Q: The legislation doesn't fix Fannie Mae and Freddie Mac. Weren't they a cause of the crisis?

A: Yes. The two mortgage finance giants, now in government conservatorship, certainly were contributing factors to the financial crisis. The Obama administration and congressional Democrats opted to leave Fannie and Freddie out of the bill, ostensibly to address them in separate legislation once the housing market recovers.

Fannie and Freddie buy mortgages originated by banks, then bundle them for sale to investors as bonds. From 2000 to 2006, Wall Street banks jumped aggressively into this business and out-competed Fannie and Freddie. In 2007, these Wall Street bonds backed by pools of U.S. mortgages began blowing up, and on came the financial meltdown.

Right now, Fannie and Freddie are the only mortgage-bond game in town. The private sector's secondary market, where Wall Street banks passed on their mortgages, is frozen. When this market revives, banks and other mortgage originators will have to keep a portion of what they generate on their own balance sheets to ensure they have capital at risk. This wasn't required during the run-up to the crisis.

Q: Will the bill prevent financial crises?
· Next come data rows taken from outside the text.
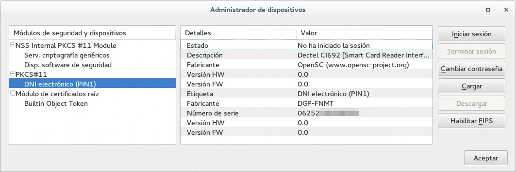 Pulsamos «Aceptar», salimos del diálogo «Dispositivos de seguridad» y reiniciamos Firefox. Para que Firefox reconozca el lector junto con el DNIe este debe estar introducido al iniciarlo sino no se nos aparecerá el diálogo solicitando el PIN del DNIe en el momento de la autenticación y no podremos usarlo, esto es así posiblemente por algún tipo de circunstancia que impide detectar el DNIe en el momento de introducirlo en Firefox, sabiéndolo no supone mayor problema. Por lo demás, esa es toda la configuración adicional necesaria para usar el DNIe con Firefox.
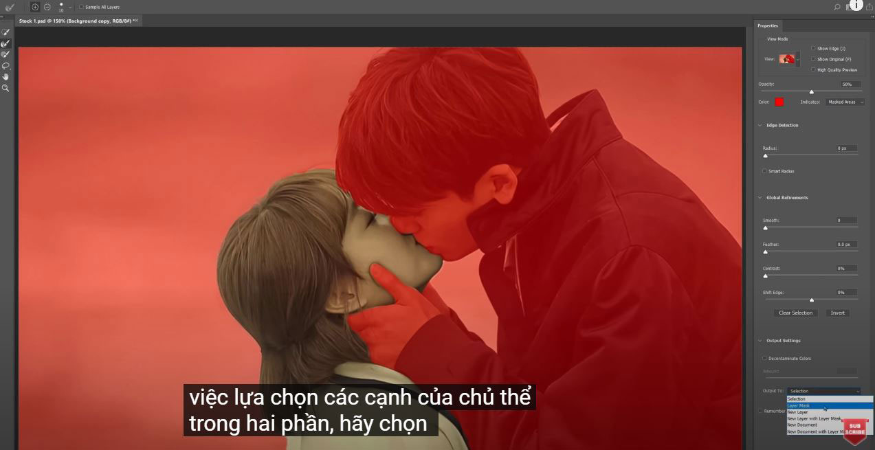 Then go to Select > Select and Mask > use the Refine Edge Brush tool to improve the selection of the subject's edges.
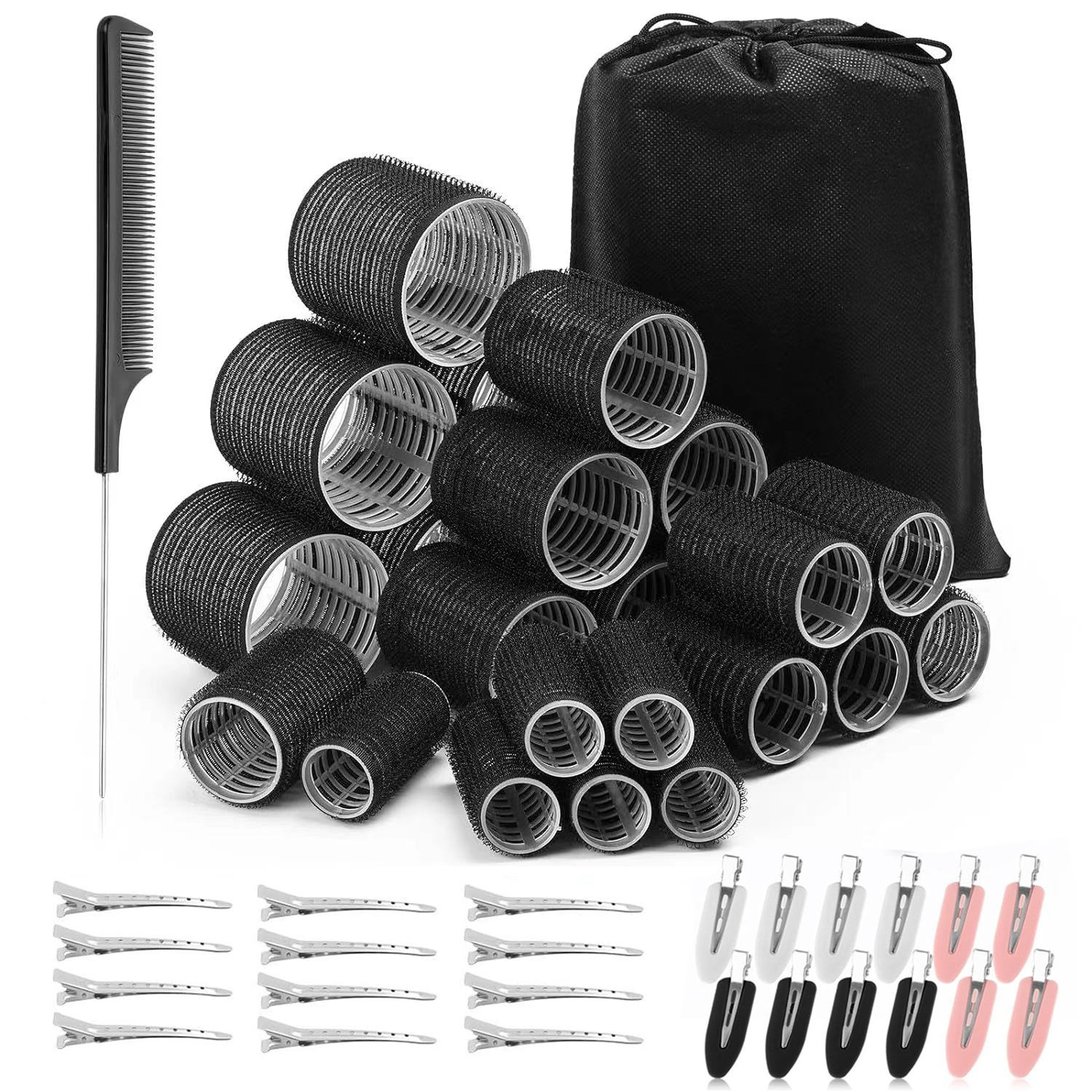 • All-in-one styling kit: Includes 24 rollers, 24 clips, a styling comb, and a storage bag.

A: Probably not. The legislation mostly fights the previous crisis, not the next one, and Wall Street always finds innovative new ways to make markets spin. Regulators are empowered with new authority to police for risk. Banks will be required to have more cash on hand to cover losses. This will limit their risk-taking capabilities, and the authorities can order big financial firms to get smaller or face government intervention.

Financial markets are highly complex and ever innovating. A hard lesson of the financial crisis is that markets are profoundly interconnected, and in unexpected ways.

When Lehman Brothers filed for bankruptcy in September 2008, an unpleasant surprise followed days later.

Investors fled money market funds that pay 2 percent or 3 percent interest. To pay that interest, the funds take deposits or contributions and invest them in short-term debt issued by corporations called commercial paper. This sort of activity was always viewed as risk free.

However, Lehman was an issuer of commercial paper, and when it went bankrupt, panic ensued in places no one expected. Big manufacturers such as General Electric suddenly couldn't find buyers for their short-term debt, and investors frowned on putting savings at risk for the small returns offered in the money market funds that days earlier had been considered as safe as cash.

That's all to say that linkages are often hard to see. The best the legislation can hope to achieve is to provide regulators with an ample tool box, and it appears to do that. It will be up to the regulators to use the tools wisely.